I clicked it, had to have a sit down with my boss, and now am on a list where if I fail another one I lose Internet access (I work on industry committees so I need it and without it my performance will suffer which will affect salary).

^^^^
I do not think I could have ever lasted in the corporate world with that kind of foolishness. Being self employed at times is difficult and challenging, but not in that stupid kind of a way. Reminds me of a Catholic boarding school.

quote:

Originally posted by tatortodd:
…. and now am on a list where if I fail another one I lose Internet access (I work on industry committees so I need it and without it my performance will suffer which will affect salary).

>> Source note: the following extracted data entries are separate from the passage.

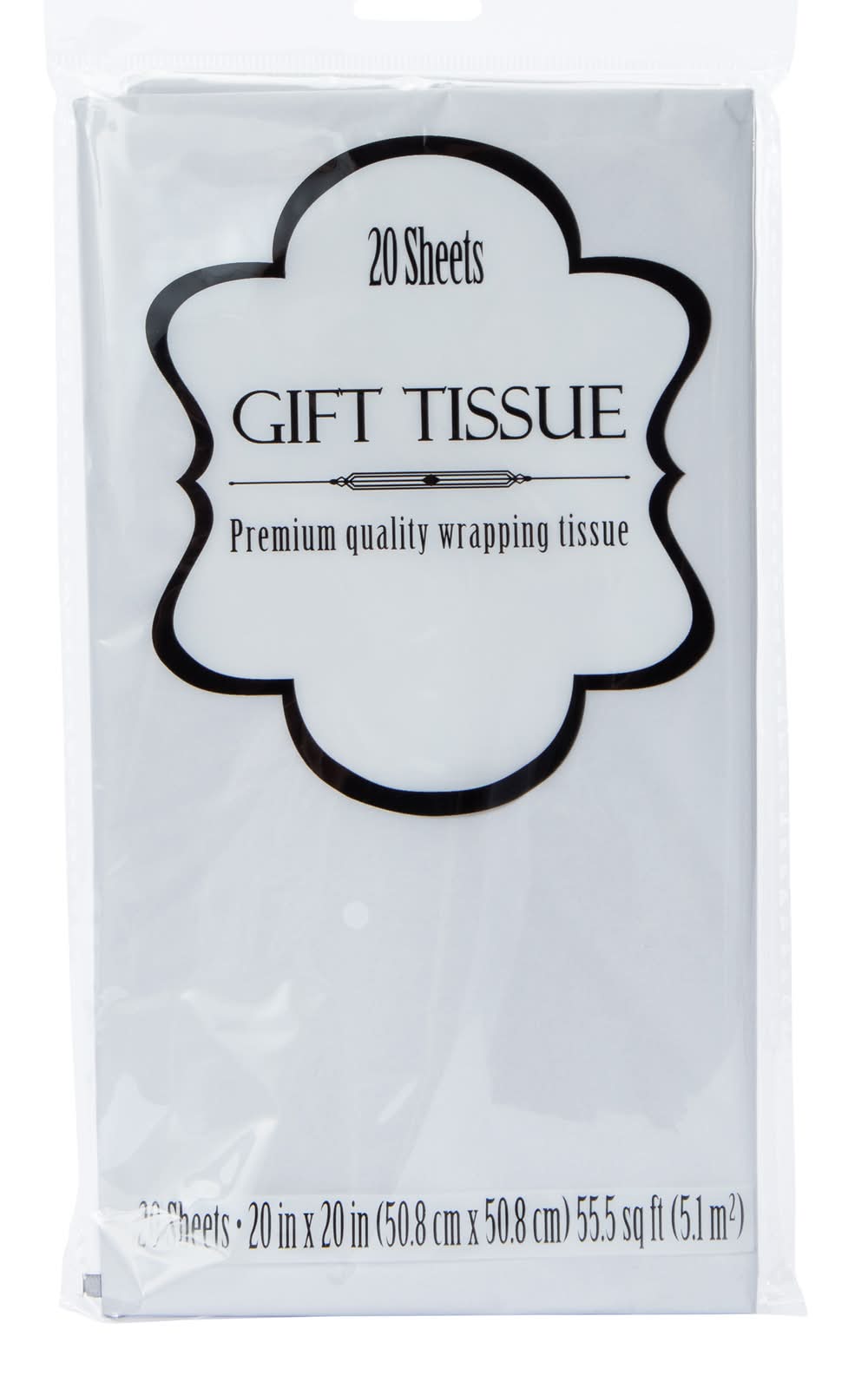 Keep a pack of White Gift Tissue Paper on hand for last minute gift wrapping. Perf for any & every occasion, use it alone or pop it in a gift bag!Includes 20 sheetsSize: 20in (W) x 20in (L)Country of Origin: Imported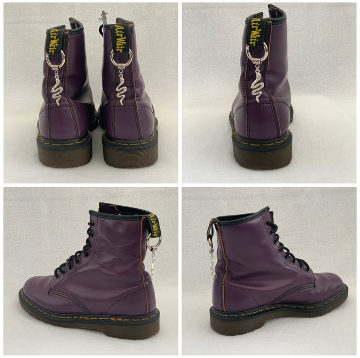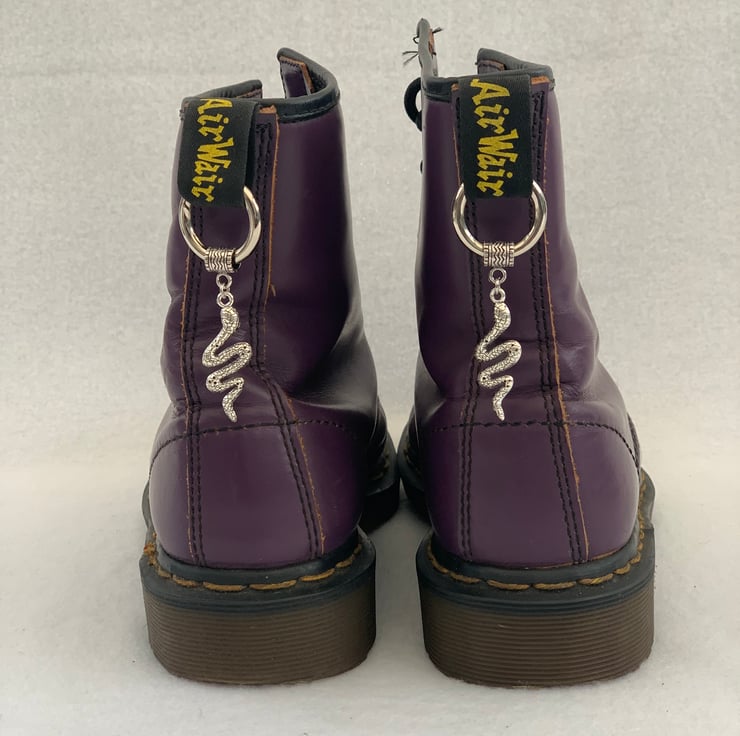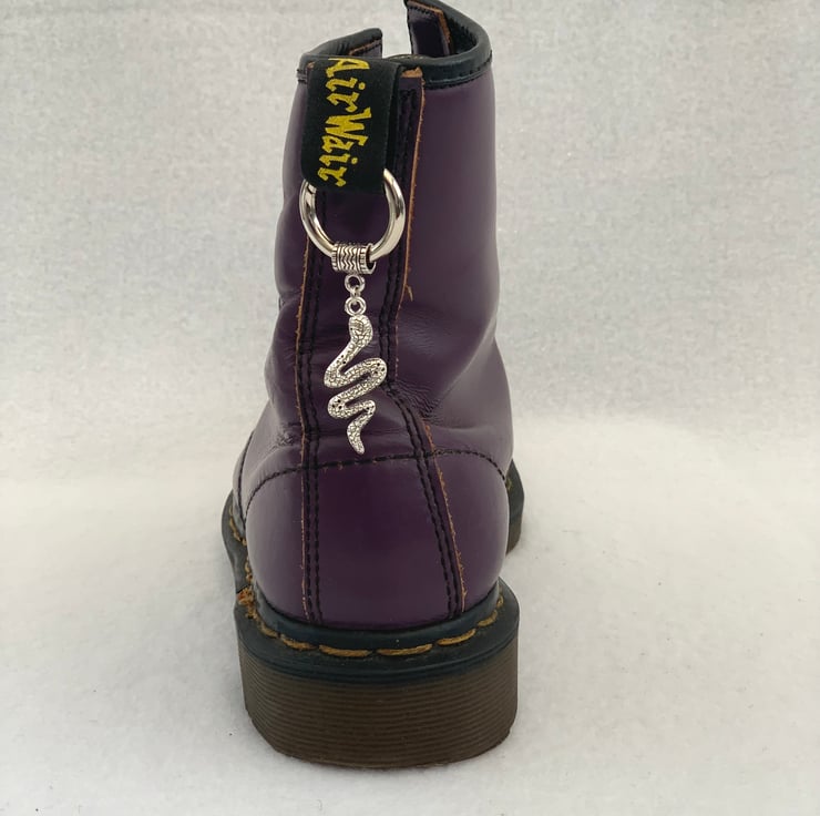 Alloy snake pendant measuring 39x15x2.5mm fitted with a stainless steel jump ring (for strength and longevity) onto a decorative alloy pendant bail and hung from a platinum coloured zinc alloy spring O Rings measuring approximately 27mm outer diameter, 4mm thick with a 20mm inner diameter.
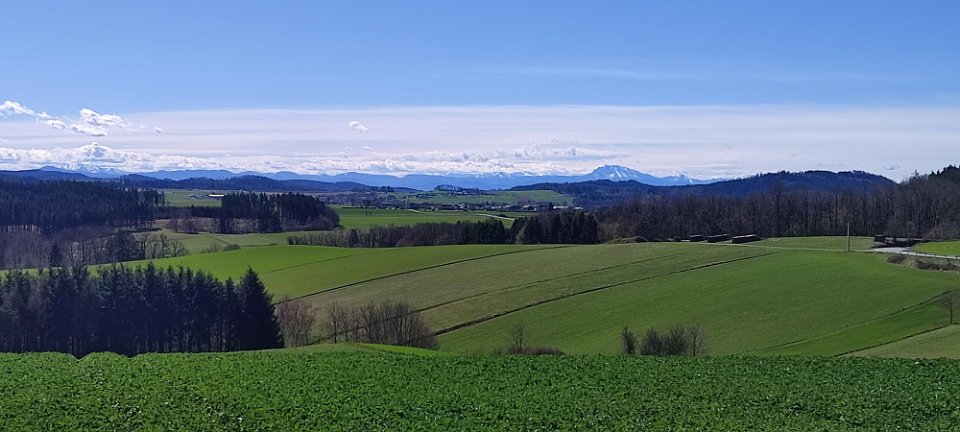 Auf der Straße nach Mauer, nach Häusling: Blick zu den frisch winterlichen Berggipfeln im Süden von Niederösterreich.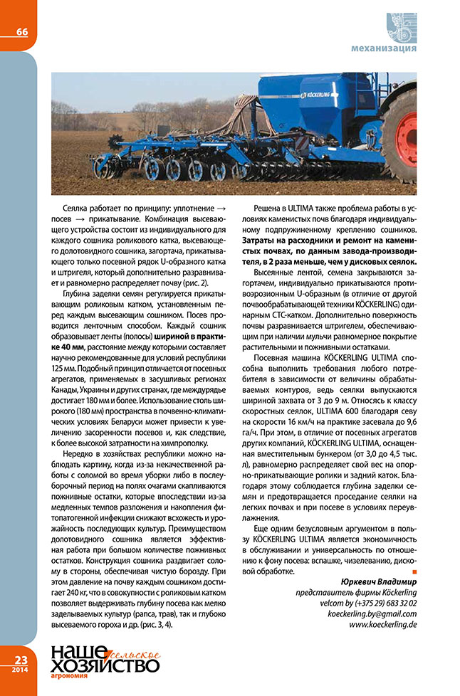 Юркевич В. Köckerling Ultima – качественный посев на любом фоне.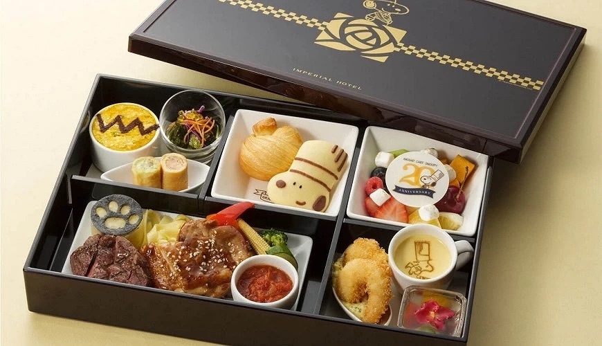 來到東京帝國飯店一樓餐廳「Parkside Diner」,這裡可以享用到以《花生漫畫》為靈感設計的豪華日式便當「BENTO by Grand Chef SNOOPY」。這些便當菜色精緻,包括史努比主廚形狀的麵包、印有糊塗塌客圖案的豆奶糕,以及20週年紀念logo巧克力和棉花糖等,每一口都是視覺和味覺的雙重享受!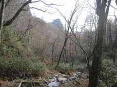 登山口の線ヶ滝は大上の集落を抜けてすぐ。夜明け直後の7時に到着。車道終点の路肩に車を置く。まだ他に車はない。線ヶ滝は帰りに見ることにして、登山開始。すぐに星尾峠への道を分けて立岩への直登ルートに入る。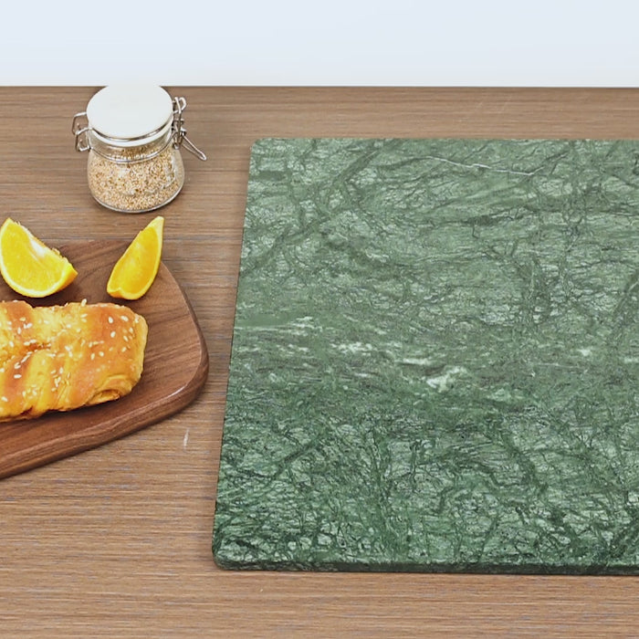 Diflart Natural Marble Stone Cutting Board for Kitchen, 16x16 Inch, Green, Marble Slab Pastry Board Large with Non-Slip Feet for Backing, Cheese, Chocolate, Pack of 1 Piece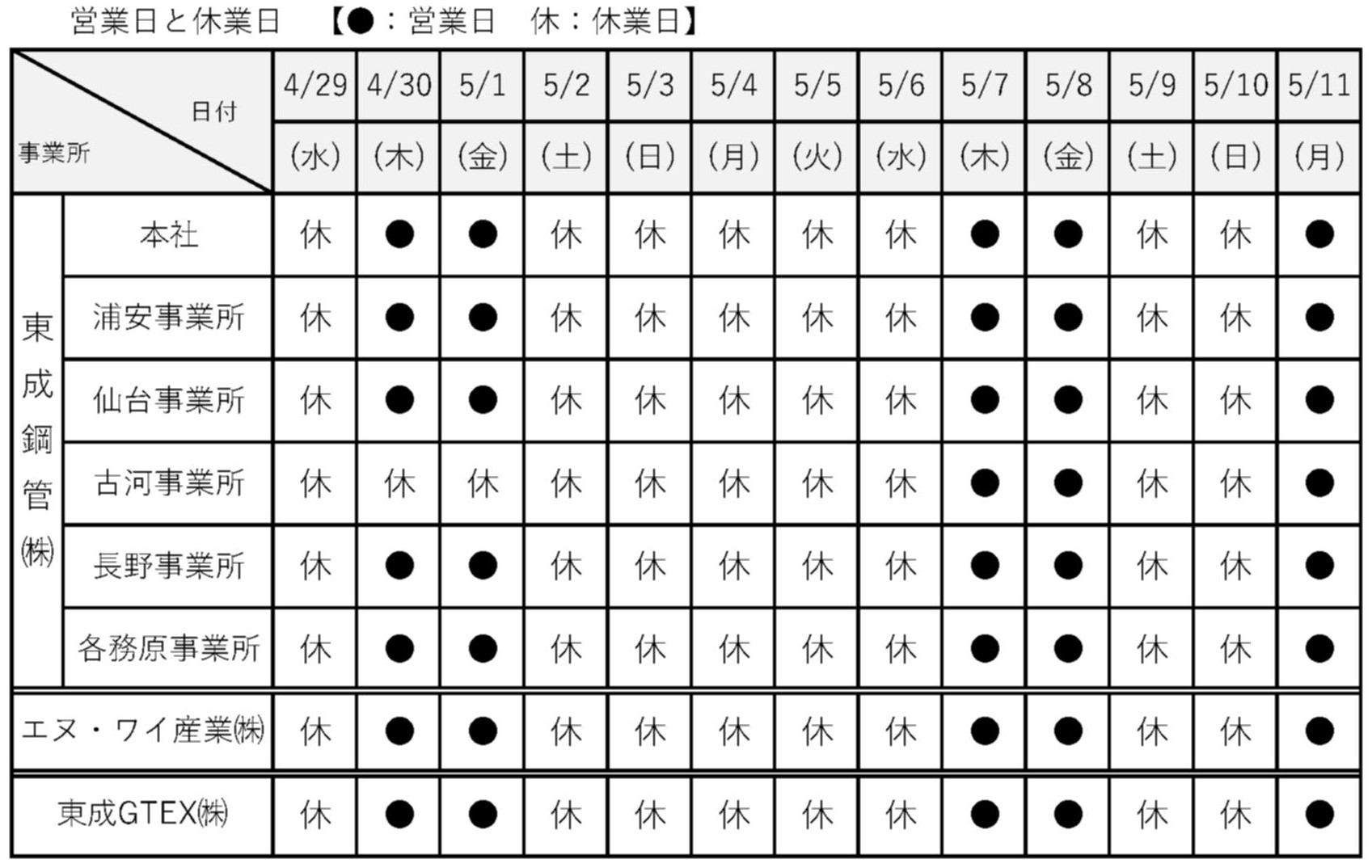誠に勝手ながら、東成鋼管㈱グループ3社のゴールデンウィーク休業を下記の通りとさせていただきます。

Your guy sounds like a handful. Have you asked your boss if others are having similar challenges (is the naughty list full of names)? Maybe your boss has a suggested approach that would help.

Also, can you send suspected phishing emails to IT and have them check them? If yes, flood the guy with every marketing spam email you get.

We click two buttons and the email is routed to IT to be checked.

So I'm clear, I don't try to flood our IT group. But maybe you would want to flood your guy.

Based on your questions, you're thinking of a much smaller company. My boss only gets an e-mail when one of his direct reports fails a mock phishing attack (i.e. he wouldn't see the actual list).

As far as clicking to report suspected spam, one button brings up a window where you're asked why you're submitting and a few radio buttons such as whether or not you clicked the link/attachment. After clicking the submit button you hear back at some random, unpredictable time period.

Trust me, I report every unexpected external e-mail that our spam filter doesn't quarantine. One reason is I've received some very good actual phishing attempts including a vendor hacked and supposedly someone I worked with several years prior sent an e-mail with an attachment. It looked odd so I reported it and sure enough the attachment was malware.

quote:

Originally posted by tatortodd:
I clicked it, had to have a sit down with my boss, and now am on a list where if I fail another one I lose Internet access (I work on industry committees so I need it and without it my performance will suffer which will affect salary).

WTF?!

That's like 5 years ago in terms of what companies do. How about the company do something instead of playing games with its employees.

One company I worked for (which I think is a better strategy) is that emails that come from outside are marked on the subject as being from an external source as a warning.

After a break of a couple of days I got another one yesterday, this one from "US Bank." Again, no account with them. As for those of you whose employers play chickenshit mind-fuck games with you, I'm glad I don't have your jobs.